The reason it can't be done right is that Hailo is always going to destroy information present in the input you give it. How input tokens get split up and saved to the storage backend depends on the version of the tokenizer being used and how that input gets saved to the database.
For instance if an earlier version of Hailo tokenized "foo+bar"
simply as as "foo+bar"
but a later version split that up into "foo", "+", "bar"
an input of "foo+bar are my favorite metasyntactic variables"

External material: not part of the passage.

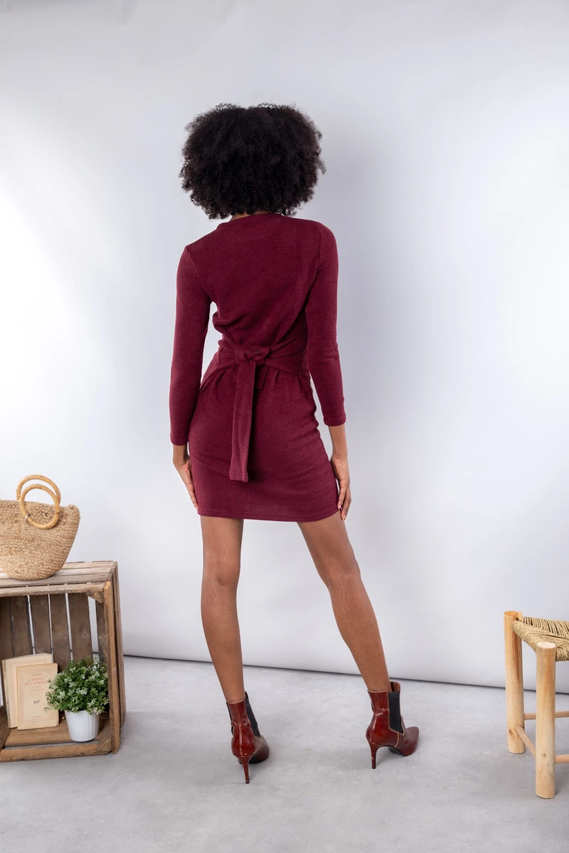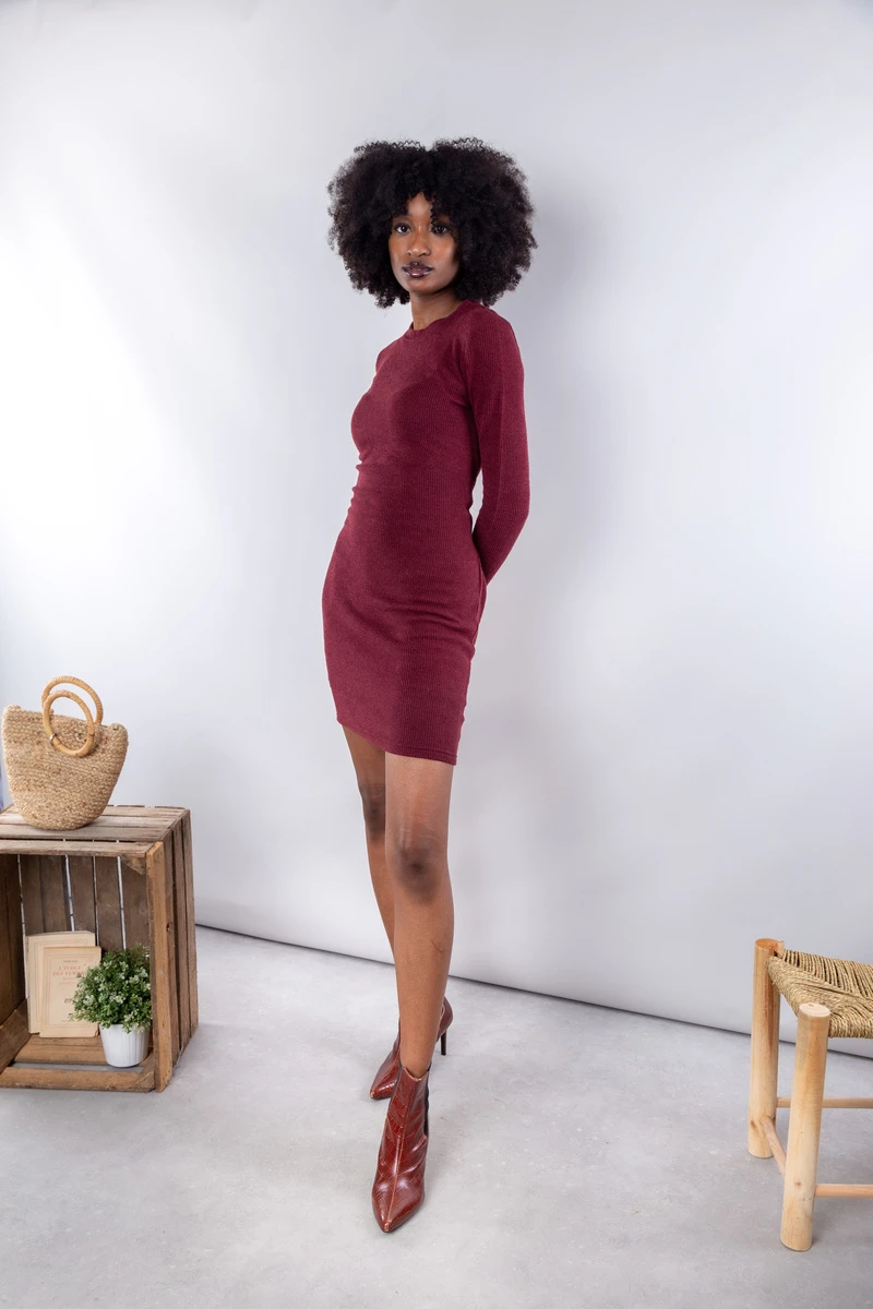 • Robe pull côtelé bordeaux

wouldn't take into account the existing "foo+bar"
string in the database.
Just because of tokenizer changes carrying over brains like this would accumulate dead parts of the database & leave other parts in a state they wouldn't otherwise have gotten into. There have been similar changes to the database format itself.
ATTRIBUTES
brain_resource
The name of the resource (file name, database name) to use as storage. There is no default. Whether this gets used at all depends on the storage backend, currently only SQLite uses it.
save_on_exit
A boolean value indicating whether Hailo should save its state before its object gets destroyed. This defaults to true and will simply call save at DEMOLISH
time.
order
The Markov order (chain length) you want to use for an empty brain. The default is 2.
storage_class
The storage backend to use. Default: 'SQLite'.
tokenizer_class
The tokenizer to use. Default: 'Words';
ui_class
The UI to use. Default: 'ReadLine';
storage_args
tokenizer_args
ui_args
A HashRef
of arguments for storage/tokenizer/ui backends. See the documentation for the backends for what sort of arguments they accept.
METHODS
new
This is the constructor. It accepts the attributes specified in "ATTRIBUTES".
learn
Takes a string or an array reference of strings and learns from them.
train
Takes a filename, filehandle or array reference and learns from all its lines. If a filename is passed, the file is assumed to be UTF-8 encoded. Unlike learn
, this method sacrifices some safety (disables the database journal, fsyncs, etc) for speed while learning.
reply
Takes an optional line of text and generates a reply that might be relevant.
learn_reply
Takes a string argument, learns from it, and generates a reply that might be relevant. This is equivalent to calling learn followed by reply.
save
Tells the underlying storage backend to save its state, any arguments to this method will be passed as-is to the backend.
stats
Takes no arguments. Returns the number of tokens, expressions, previous token links and next token links.
PRIVATE METHODS
run
Run Hailo in accordance with the the attributes that were passed to it, this method is called by the hailo command-line utility and the Hailo test suite, it's behavior is subject to change.
SUPPORT
You can join the IRC channel #hailo on FreeNode if you have questions.
BUGS
Bugs, feature requests and other issues are tracked in Hailo's issue tracker on Github.
SEE ALSO
Hailo::UI::Web - A Catalyst and jQuery powered web interface to Hailo
POE::Component::Hailo - A non-blocking POE wrapper around Hailo
POE::Component::IRC::Plugin::Hailo - A Hailo IRC bot plugin
http://github.com/hinrik/failo - Failo, an IRC bot that uses Hailo
LINKS
http://bit.ly/hailo_rewrite_of_megahal - Hailo: A Perl rewrite of MegaHAL, A blog posting about the motivation behind Hailo
AUTHORS
Hinrik Örn Sigurðsson, hinrik.sig@gmail.com
Ævar Arnfjörð Bjarmason <avar@cpan.org>
LICENSE AND COPYRIGHT
Copyright 2010 Hinrik Örn Sigurðsson and Ævar Arnfjörð Bjarmason <avar@cpan.org>
This program is free software, you can redistribute it and/or modify it under the same terms as Perl itself.